Ken Stone points out the following:
Lady Teldra: No, I'm afraid I do not. Why, have we no food left?
Morrolan: Just a piece of hard rock candy. But--
Arra: Come then... and...
[POTD 298]
Compare:
Wales: You have any food here?
Lone Watie: All I have is a piece of hard rock candy. But it's not fur eatin', it's just fur lookin' through.
Wales: Allrighty.
The Outlaw Josey Wales
(1976) by Warner Brothers
-about 20-30 min into movie
Dammit, Boss, I'm a jhereg, not a bloodhound. [Jgl 240]
One of Dr. McCoy's best known catchphrases is "Dammit, Jim, I'm a doctor, not a ____." (Wikipedia, Memory Alpha)I wonder if there are fourteen more such nuggets waiting to be found?
Steve replied:
Good catch, but I don't really count that as one. Don't waste your time looking for 17; there are only 9.
*exits, whistling*
The Bard of Avon
(Noted by Jerry Friedman)
Savn glanced back at him, but still wasn't certain if he were
joking. "It's easy to tell the difference," he said, "When you make
the seedblocks and leave them in the coolhouse in barrels, the
true, true salad flax will melt--"
[Ath 10, Chap. 1; BoAth 15]
Hamlet: O, that this too too solid flesh would melt
Thaw and resolve itself into a dew!
[Hamlet, I.ii.131]
(Thanks to Linda G. for the citation.)
The drink was provided quickly.

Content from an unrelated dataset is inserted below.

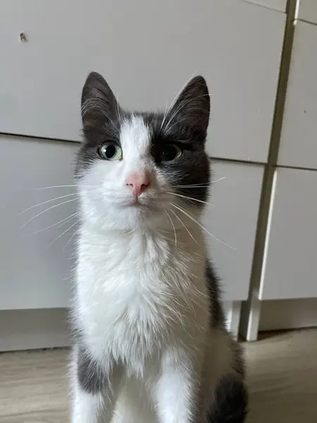 5 месяцев, черно-белый окрас, есть черное пятнышко у рта.

She smiled her thanks and sipped from whatever she'd been given, nodded approval, and poured some of the liquid over the mouthpiece of the the long black flute.
"What's she doing?" whispered Savn.
Vlad shrugged. "It must be good for it.
She wouldn't wreck her own reed."
[Ath 93, Chap. 7]
Ophelia: ...But, good my brother,
Do not, as some ungracious pastors do,
Show me the steep and thorny way to heaven;
Whiles, like a puff'd and reckless libertine,
Himself the primrose path of dalliance treads,
And recks not his own rede. [i.e., does not take his own advice]
[Hamlet, I.iii.46-51]
(Thanks to Jerry Friedman.)
The small jhereg was staring at Savn, as if waiting to hear a report of his examination.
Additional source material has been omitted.